Operating System - OpenVMS
1748205 Members
4641 Online
108759 Solutions
New Discussion

Re: A COM process on OpenVMS guests

 

Re: A COM process on OpenVMS guests

Yes. Hoff,

 

The cases have already been reported to HP for some time, investigated by HP-UX and the Lab according to HP. Now the OpenVMS teams are involved as well.

 

We have installed a third UNOF patch for the HPVM after these crashes. I feeled a bit embarrassed when opened this post,  because I think there could also be UNOF support in the communities, at least the valuable inputs. "Two heads are better than one."

 

Volker,

 

The host blade has only one cpu of 4 cores.
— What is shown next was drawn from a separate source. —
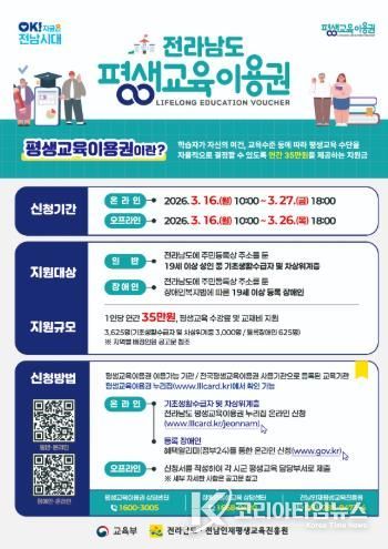 코리아타임뉴스 윤경수 기자 | 전라남도와 전남인재평생교육진흥원은 오는 27일까지 저소득층과 장애인을 대상으로 ‘2026 전라남도 평생교육이용권’ 1차 신청을 받는다고 밝혔다.

I found the guest runs and crashes on a random core on which it starts.

 

#top
System: ITSEELM-                                      Fri Mar 23 05:07:07 2012
Load averages: 0.50, 0.45, 0.36
203 processes: 127 sleeping, 76 running
Cpu states:
CPU   LOAD   USER   NICE    SYS   IDLE  BLOCK  SWAIT   INTR   SSYS
 0    0.64   0.0%   0.0%  59.8%  40.2%   0.0%   0.0%   0.0%   0.0%
 1    0.21   0.0%   0.0%   3.2%  96.8%   0.0%   0.0%   0.0%   0.0%
 2    0.52   0.0%   0.0%  16.2%  83.8%   0.0%   0.0%   0.0%   0.0%
 3    0.64   0.2%   0.0%  85.6%  14.2%   0.0%   0.0%   0.0%   0.0%
---   ----  -----  -----  -----  -----  -----  -----  -----  -----
avg   0.50   0.0%   0.0%  41.2%  58.8%   0.0%   0.0%   0.0%   0.0%

System Page Size: 4Kbytes
Memory: 32473240K (32211056K) real, 34537852K (33776996K) virtual, 55907024K fre
e  Page# 1/23

CPU TTY  PID USERNAME PRI NI   SIZE    RES STATE    TIME %WCPU  %CPU COMMAND
 3   ?  3949 root     152 20  3253M  3151M run    105:52 82.10 81.95 hpvmapp   <-guest process
 3   ?  3829 root     152 20  3253M  3151M run     96:28 20.33 20.30 hpvmapp
 2   ?  3863 root     152 20  3253M  3151M run     85:52  8.32  8.31 hpvmapp
 2   ?  4039 root     152 20  3253M  3151M run    150:12  7.63  7.61 hpvmapp
 1   ?  3893 root     152 20  3253M  3151M run    121:31  7.03  7.02 hpvmapp
 0   ?  3930 root     152 20  3253M  3151M run     67:21  4.04  4.03 hpvmapp


#machinfo

CPU info:
  1 Intel(R)  Itanium(R)  Processor 9340 (1.6 GHz, 20 MB)
          4.79 GT/s QPI, CPU version E0
          4 logical processors (4 per socket)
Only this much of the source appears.